WORK TO BE COMPLETED
Copy, exactly as written, the lines that begin at the one containing "1 | 1404/09/22 |" and end at the one containing "Zariah Fields eats". Skip any pictures in the data below.

THE DATA
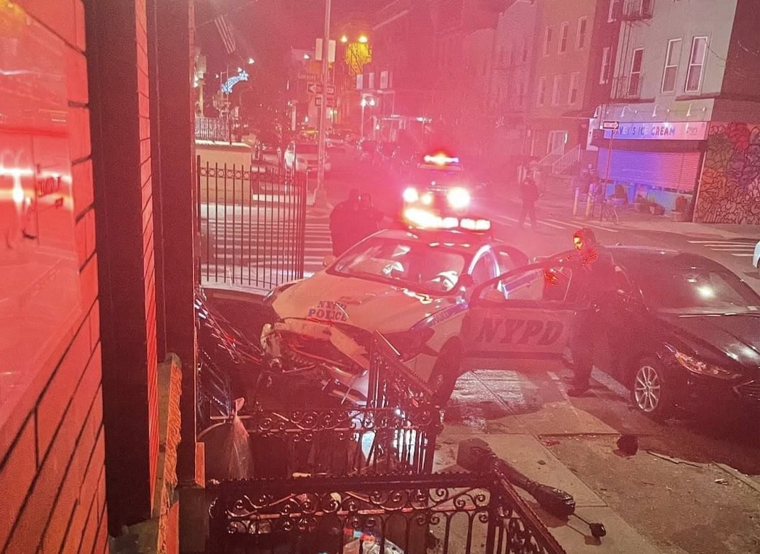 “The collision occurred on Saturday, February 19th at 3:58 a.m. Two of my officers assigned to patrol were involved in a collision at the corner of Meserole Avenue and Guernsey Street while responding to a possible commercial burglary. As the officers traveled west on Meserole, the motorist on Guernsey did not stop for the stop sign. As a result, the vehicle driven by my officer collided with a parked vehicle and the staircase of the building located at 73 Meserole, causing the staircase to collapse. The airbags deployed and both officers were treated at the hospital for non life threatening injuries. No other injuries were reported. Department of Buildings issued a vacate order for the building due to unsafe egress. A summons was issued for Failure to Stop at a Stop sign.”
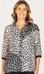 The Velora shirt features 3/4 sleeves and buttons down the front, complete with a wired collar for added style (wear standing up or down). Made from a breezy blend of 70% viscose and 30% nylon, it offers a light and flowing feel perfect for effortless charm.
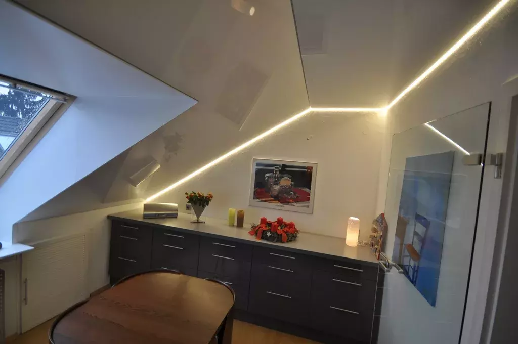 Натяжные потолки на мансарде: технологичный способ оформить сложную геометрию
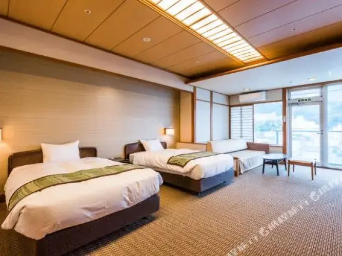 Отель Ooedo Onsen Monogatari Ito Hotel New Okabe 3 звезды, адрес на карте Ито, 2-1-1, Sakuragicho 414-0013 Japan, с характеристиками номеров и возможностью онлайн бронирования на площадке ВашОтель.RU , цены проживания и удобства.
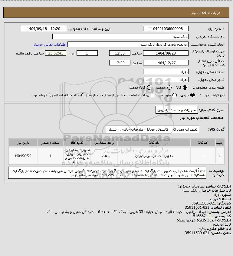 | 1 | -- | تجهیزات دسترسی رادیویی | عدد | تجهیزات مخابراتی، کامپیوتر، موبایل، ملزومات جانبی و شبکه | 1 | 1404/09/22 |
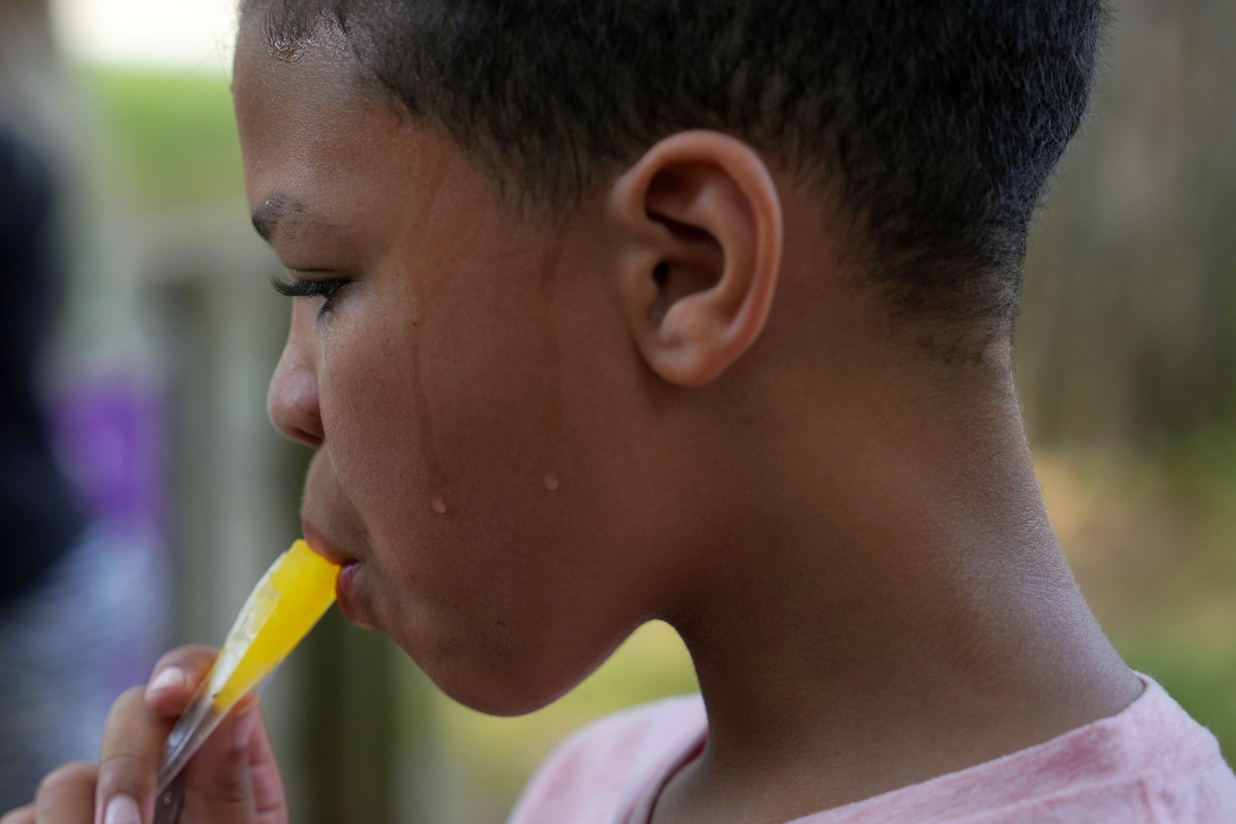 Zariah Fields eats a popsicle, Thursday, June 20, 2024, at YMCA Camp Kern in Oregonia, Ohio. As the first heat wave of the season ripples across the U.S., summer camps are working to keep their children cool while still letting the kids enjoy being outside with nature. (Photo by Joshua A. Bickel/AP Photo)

* * *

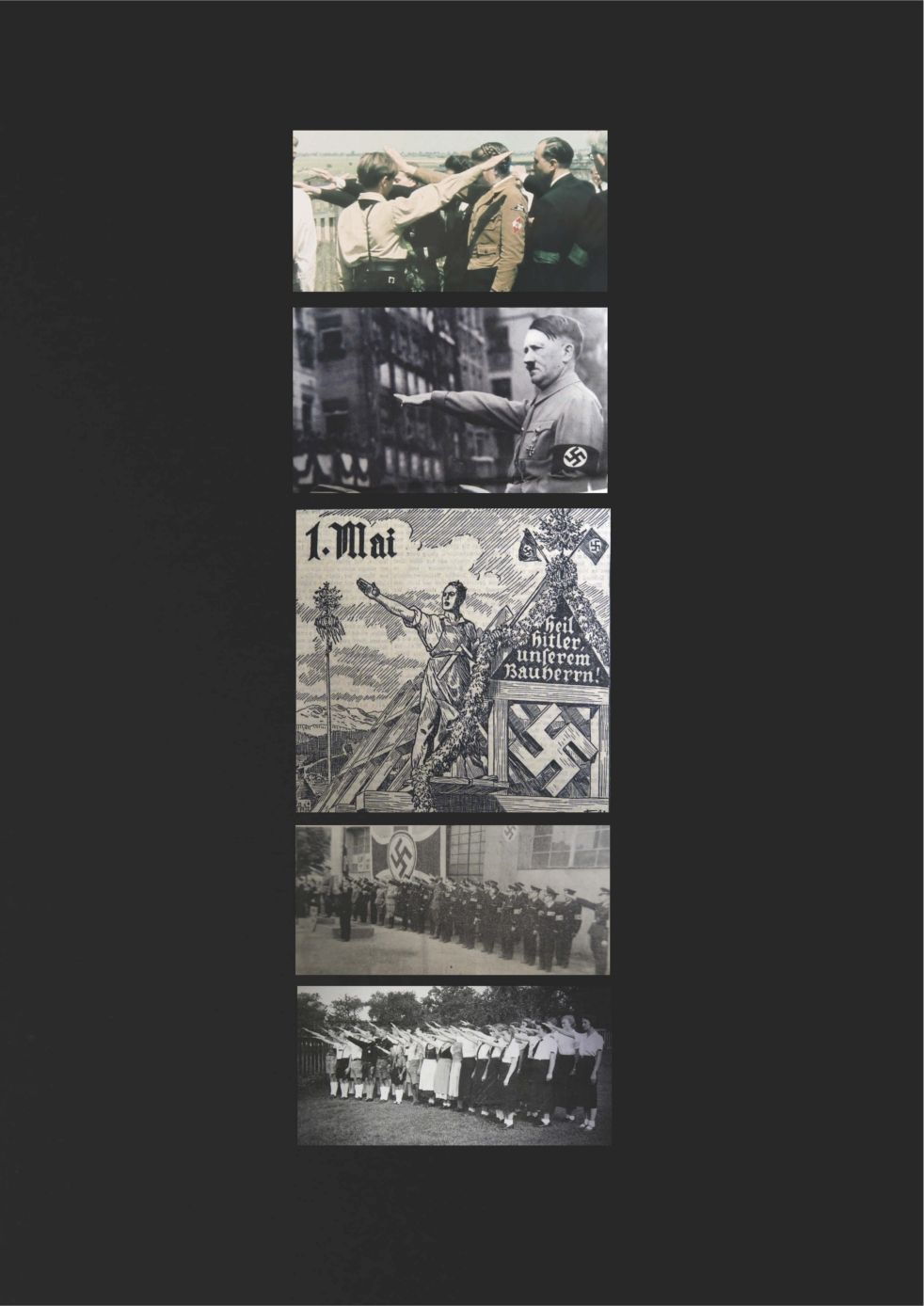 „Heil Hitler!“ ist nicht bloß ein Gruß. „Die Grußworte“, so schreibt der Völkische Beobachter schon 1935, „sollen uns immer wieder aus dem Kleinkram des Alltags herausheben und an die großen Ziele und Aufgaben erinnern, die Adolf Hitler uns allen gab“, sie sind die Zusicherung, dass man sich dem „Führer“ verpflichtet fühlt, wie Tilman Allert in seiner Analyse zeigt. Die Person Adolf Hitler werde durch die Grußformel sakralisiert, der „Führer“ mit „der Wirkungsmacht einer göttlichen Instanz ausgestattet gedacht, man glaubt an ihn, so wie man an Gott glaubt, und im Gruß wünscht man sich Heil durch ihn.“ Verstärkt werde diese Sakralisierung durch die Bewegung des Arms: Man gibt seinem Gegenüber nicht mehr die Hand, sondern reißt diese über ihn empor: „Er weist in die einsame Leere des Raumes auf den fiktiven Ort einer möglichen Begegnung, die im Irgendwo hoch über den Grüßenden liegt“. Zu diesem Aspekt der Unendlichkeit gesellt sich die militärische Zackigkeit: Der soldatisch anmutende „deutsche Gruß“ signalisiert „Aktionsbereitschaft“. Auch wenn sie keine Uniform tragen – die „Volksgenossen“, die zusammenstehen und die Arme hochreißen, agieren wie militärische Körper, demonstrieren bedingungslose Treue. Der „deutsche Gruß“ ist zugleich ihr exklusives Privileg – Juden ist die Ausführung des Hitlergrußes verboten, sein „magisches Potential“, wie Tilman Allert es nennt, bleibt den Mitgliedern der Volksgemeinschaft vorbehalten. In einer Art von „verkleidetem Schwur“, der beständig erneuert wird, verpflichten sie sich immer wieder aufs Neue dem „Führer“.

COMPLETED EXERCISE
 | 1 | -- | تجهیزات دسترسی رادیویی | عدد | تجهیزات مخابراتی، کامپیوتر، موبایل، ملزومات جانبی و شبکه | 1 | 1404/09/22 |
 Zariah Fields eats a popsicle, Thursday, June 20, 2024, at YMCA Camp Kern in Oregonia, Ohio. As the first heat wave of the season ripples across the U.S., summer camps are working to keep their children cool while still letting the kids enjoy being outside with nature. (Photo by Joshua A. Bickel/AP Photo)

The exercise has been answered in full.